Chin is a proponent of a single-use solutions that enable companies to work with smaller volumes of materials. Morgret added that single-use technologies help with cleaning and remove the need to develop analytical methods for containment of highly potent components. “Single use definitely can help debottleneck some of those processes.”
LeDoux argued that it doesn’t address the entire problem, however. As expression titers rise, he said, single use is only part of the solution if a developer doesn’t address downstream process efficiencies.
Stanton asked whether using disposable bioreactors upstream can cause different problems farther down the line than if stainless steel had been used. LeDoux didn’t think so, saying that if utilities are available to support stainless steel use in downstream manufacturing, then such utilities can be coupled to single-use bioreactors as well. “I don’t know that there would be any reason why one would necessarily influence the other directly,” he said.
Morgret added that when single-use technologies are used in conjugation unit operations, solvents often are present. In such cases, single use needs to be implemented early on so that a company can demonstrate acceptable levels of leachables and extractables and process stability.
According to Chin, automation shows great potential. “I think single use is a solution, but it is not the perfect solution. We need to start pulling software into what we do as an industry because the software probably will fix a lot of what’s broken, and it’ll create the level of transparency that is missing in our processes today,” she said.
Looking at Automation
Stanton noted that he has heard automation discussed more and more these days, specifically focused in the cell and gene therapy space. “They’ve got separate issues from the manufacture of MAbs, but they seem to have gone straight through software and automation to try to address them. Do you find that is the case? And why is that part of industry looking at software and automation when MAb manufacture isn’t so much?”
“Because cell and gene therapies incorporate the patient as part of the supply chains,” said Chin, “there is greater risk in not having a level of transparency. The risk to a single patient is so much greater than if you’re building out batches and testing and validating [them] because you have a direct line to a person that you’re hoping to help. This could go in so many different directions because it is a relatively uncharted territory, so companies are realizing very quickly that software and automation can provide a level of transparency and risk mitigation that doesn’t exist today. I think they are faster to adopt those solutions because they have a greater need, a bigger monkey on their back than I would venture to guess is the case for traditional biopharmaceuticals. It’s that one patient–one solution that’s a big responsibility for anyone.”

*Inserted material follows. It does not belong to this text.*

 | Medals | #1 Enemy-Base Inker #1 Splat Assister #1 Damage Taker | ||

LeDoux thinks that the bulk of antibody manufacturers are changing their strategy, too. “Typically, if you think back to a few years ago, everything was based on islands of automation. You had unit operations. Each of those operations had their own control platform, and they didn’t necessarily speak to a distributed control system (DCS). I think over 50% of manufacturing now incorporates a DCS type of solution. All the batch records are mustered in a single location. They are electronically based.”

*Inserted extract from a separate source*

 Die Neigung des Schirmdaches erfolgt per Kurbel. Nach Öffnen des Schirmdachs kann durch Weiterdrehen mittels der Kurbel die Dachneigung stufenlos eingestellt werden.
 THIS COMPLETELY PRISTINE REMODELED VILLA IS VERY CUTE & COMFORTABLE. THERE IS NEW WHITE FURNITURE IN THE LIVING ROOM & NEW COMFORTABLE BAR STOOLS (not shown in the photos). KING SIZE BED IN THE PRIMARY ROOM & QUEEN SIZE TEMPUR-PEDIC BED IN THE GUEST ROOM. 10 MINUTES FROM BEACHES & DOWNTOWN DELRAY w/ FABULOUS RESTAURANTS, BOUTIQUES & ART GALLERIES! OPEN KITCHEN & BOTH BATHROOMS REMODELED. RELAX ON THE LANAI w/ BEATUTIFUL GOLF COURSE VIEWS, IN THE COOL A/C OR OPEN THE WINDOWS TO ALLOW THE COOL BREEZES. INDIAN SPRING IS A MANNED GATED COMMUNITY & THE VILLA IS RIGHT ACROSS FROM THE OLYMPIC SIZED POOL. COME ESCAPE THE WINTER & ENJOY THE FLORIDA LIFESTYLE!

Stanton asked whether that would include incorporating real-time monitoring. LeDoux thinks that it will, adding that “I don’t know how centralized those data are in terms of all of the assays done. I’m thinking of pure manufacturing steps, though, with a tendency toward going to a DCS approach, a plant-wide system rather than islands of automation.”

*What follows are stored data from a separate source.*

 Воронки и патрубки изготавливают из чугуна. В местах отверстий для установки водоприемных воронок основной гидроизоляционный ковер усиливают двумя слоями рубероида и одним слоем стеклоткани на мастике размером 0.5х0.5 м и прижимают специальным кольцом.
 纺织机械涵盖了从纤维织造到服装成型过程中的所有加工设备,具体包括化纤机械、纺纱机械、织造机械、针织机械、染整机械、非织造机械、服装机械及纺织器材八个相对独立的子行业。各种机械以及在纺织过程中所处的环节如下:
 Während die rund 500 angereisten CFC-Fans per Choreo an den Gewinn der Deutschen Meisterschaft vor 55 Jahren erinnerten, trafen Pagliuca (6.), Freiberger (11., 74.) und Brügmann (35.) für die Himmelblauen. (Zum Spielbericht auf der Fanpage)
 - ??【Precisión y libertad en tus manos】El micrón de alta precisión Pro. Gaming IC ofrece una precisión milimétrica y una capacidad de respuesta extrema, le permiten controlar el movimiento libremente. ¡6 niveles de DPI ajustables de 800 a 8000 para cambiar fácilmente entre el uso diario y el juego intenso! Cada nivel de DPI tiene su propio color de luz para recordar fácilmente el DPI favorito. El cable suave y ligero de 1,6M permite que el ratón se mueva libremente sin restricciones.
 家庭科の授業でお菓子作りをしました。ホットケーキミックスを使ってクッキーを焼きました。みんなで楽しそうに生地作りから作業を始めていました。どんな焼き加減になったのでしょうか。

Morgret commented that having real-time monitoring and all parameters available in an electronic system is useful in early development as a company is scaling up and moving into a new facility. The company may have only limited process understanding for an accelerated program, for example, so additional monitoring early on could help ensure that product made at scale is the same as what was made in the laboratory. Regulatory agencies also expect that such monitoring continues throughout the course of a product life cycle, making data available in a central location for tracking and trending.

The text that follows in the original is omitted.